The Nigerian naira continues to experience a decline in its value due to the persisting scarcity of the United States dollar, according to findings by FINDWHOSABI.
At the parallel market, the naira started trading at 1,175 naira to a US dollar and closed at 1,190 naira per dollar on Friday. This marks a significant drop compared to two weeks earlier when it was trading at 1,100 naira to the dollar in the parallel market.
However, there was a slight appreciation in the value of the naira on the Investor & Exporter forex window, with the closing rate at 808.28 naira to a US dollar on Friday, up from 810.05 naira per dollar on Thursday, as per data obtained from the FMDQ.
Some Bureau de Change (BDC) Operators revealed that the scarcity of the dollar had made it difficult for them to provide foreign exchange to customers. A BDC operator, Jubril Mutiu, mentioned, “On Friday, the price was 1,175/$, but we don’t even have it. It is not available right now.”
Another BDC operator, Adamu Afeez, added, “We are looking for those to sell to us, but now, we don’t have the dollar to buy. If we don’t have one, we cannot sell.”
Ibrahim Abu, another BDC operator, described how the exchange rate had been fluctuating, with rates increasing from 1,175/$ in the morning to 1,190/$ by 2 p.m. on Friday. He expressed uncertainty about the rate for the upcoming week.
The devaluation of the naira has continued since the Central Bank of Nigeria (CBN) ordered lending institutions to allow the exchange rate to float freely in June. Prior to this, the naira traded at 471.67 naira per dollar on the official market on the FMDQ and 765 naira per dollar on the parallel market.
Dr. Aminu Gwadabe, the President of the Association of Bureaux De Change Operators of Nigeria, stressed the importance of BDCs in achieving a stable and strong exchange rate in Nigeria.
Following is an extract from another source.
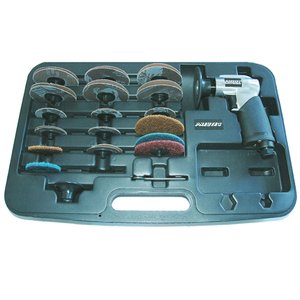 Set masina de slefuit unghiulara 75 mm, 3.200 rpm, cu set accesorii in geanta, PNEUTEC tip UT8763/1

He emphasized that the challenges facing the forex market and the depreciation of the naira require the collective effort of all stakeholders.
Gwadabe stated, “The continuous depreciation of the naira in official and parallel markets does not benefit the BDCs and the domestic economy. Hence, steps should be taken to reverse the trend and strengthen the local currency for maximum economic impact.”
He also highlighted the need for BDCs to be involved in providing solutions to the ongoing volatility in exchange rates, alongside measures taken by the central bank to address the exchange rate gaps. Gwadabe acknowledged that market illiquidity remains a significant concern for the BDC sector and expressed displeasure with unlicensed forex dealers engaged in speculative activities that harm the sub-sector’s image.